Dear humans,
Is it so much to ask that you protect us from the things that go bump in the night? From the beasts with teeth that bite and tear and kill? Is it so much to ask?
Sincerely,
Your chickens
I am saddened to report the unnecessary death of several hens, chicks, and pullets over the year. This summer Little Sister was broody (again). I set her up in the broody box with 3 wee chicks. The door of the broody box did not have a secure latch. Each night I rolled a bowling-ball sized rock in front of it and thought ‘Good enough’. It wasn’t. This summer I also re-vamped the chicken run. I procrastinated getting the door to the run/coop back up. You see where I am going with this?
Whilst we were away one weekend, our chicken sitter faced two consecutive nights of bloodbath – first in the broody box (Little Sister and her babies), and then in the coop (Baracka, the Best Chicken Ever).
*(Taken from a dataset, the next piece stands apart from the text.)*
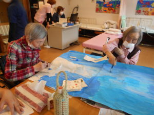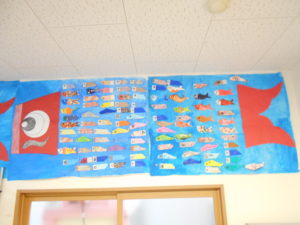 先週は端午の節句が近いので鯉のぼりの壁画制作を行いました?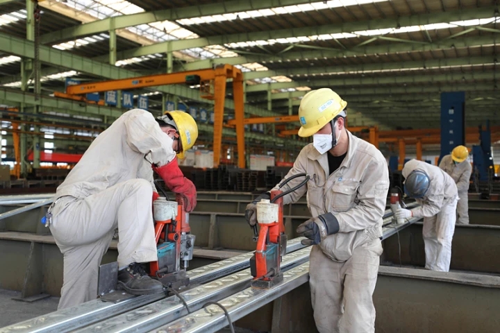 惠州堅(jiān)持制造業(yè)當(dāng)家。這是中建鋼構(gòu)公司車(chē)間工人在忙碌生產(chǎn)。

We had lost two hens earlier in the summer – one from an unexplained illness (Calamity Jane), the other a suspected overdose to some random poison buried in our compost bin* (Blanca). That left us with a single hen (‘Red’) – the only girl hatched to any of the three broods from 2013. At the bottom of the pecking order, she was the wildest of our chickens. Although she seemed relieved to no longer bear the brunt of all those beaks, she got a bit lonely and decided to go broody – right after we got our next batch of chicks.
The new babies were awesome! It had been years since we had raised our own chicks and we had tons of fun brooding in the fireplace, taking them outside when they were small, and then letting them run free range after we’d moved them out to the coop. They had taken to coming to visit me whenever I came out into the yard, eventually sitting with or on me for a bit to preen themselves (or me!). We were really worried that Frankie, the blue splash marans was a boy. These were all ‘sexed’ chicks, but she was big, had a honky voice, and we didn’t have any experience with her breed.
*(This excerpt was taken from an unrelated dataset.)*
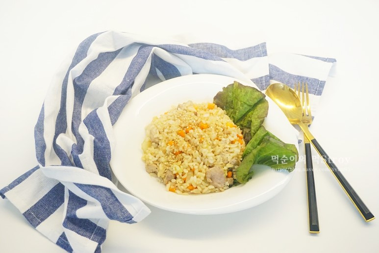 ¡Ahora es el momento de sazonar el arroz frito! Como consejo del Chef Baek Jong-won, empuje el arroz hacia un lado de la sartén, agregue 2 cucharadas de salsa de soja y déjela chisporrotear y caramelizar ligeramente antes de mezclarla. Esto realza el sabor de la salsa de soja. Luego, agregue 1 cucharada de mirin, una pizca de pimienta negra y una pizca de sal. Mezcle todo a fondo para sazonar. Esta cantidad debería estar suficientemente sazonada, pero si lo prefiere más salado, puede agregar un poco más de sal para un sabor limpio. ¡Finalmente, agregue 1 cucharada de aceite de sésamo para un acabado fragante, y su delicioso arroz frito de cerdo estará listo!

Yesterday I gave Red away to a woman who didn’t have enough English to reassure me she wasn’t going to eat her. I decided to give her away because she had never stopped bring broody and was terrorizing the chicks with her bitchy attitude and we wanted to keep the flock small. I vowed not to care, but i regret it now. I was however excited that the babies would get the run of the roost.
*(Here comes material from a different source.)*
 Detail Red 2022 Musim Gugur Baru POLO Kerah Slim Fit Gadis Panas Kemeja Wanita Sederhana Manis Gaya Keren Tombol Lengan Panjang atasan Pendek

Last night we went to a friend’s house before dark. The chickens weren’t in the coop yet so we left them be. When we got home, I nearly tripped over the little Australorp as I came down the walk. What was she doing out? I found our little Ameraucana perched on the chicken tractor. Scott eventually told me to stop looking. He had spotted the trails of white feathers that led to our androgenous Frankie – now a mangled mess left on top of the shed.
Take home lessons? It is unnecessarily cruel to not lock the chickens up at night. So many solutions – herd them in before dark, ask someone to come over at dusk and shut the door, use an automatic chicken door. Despite the 360 days of the year when raccoons do not attack our hens, it is not worth the risk.
*[We had once several years ago put rat poison in a burrow in our compost bin. I had recently emptied the compost bin and moved it to a new location in the chicken run, essentially bringing years of history to the surface].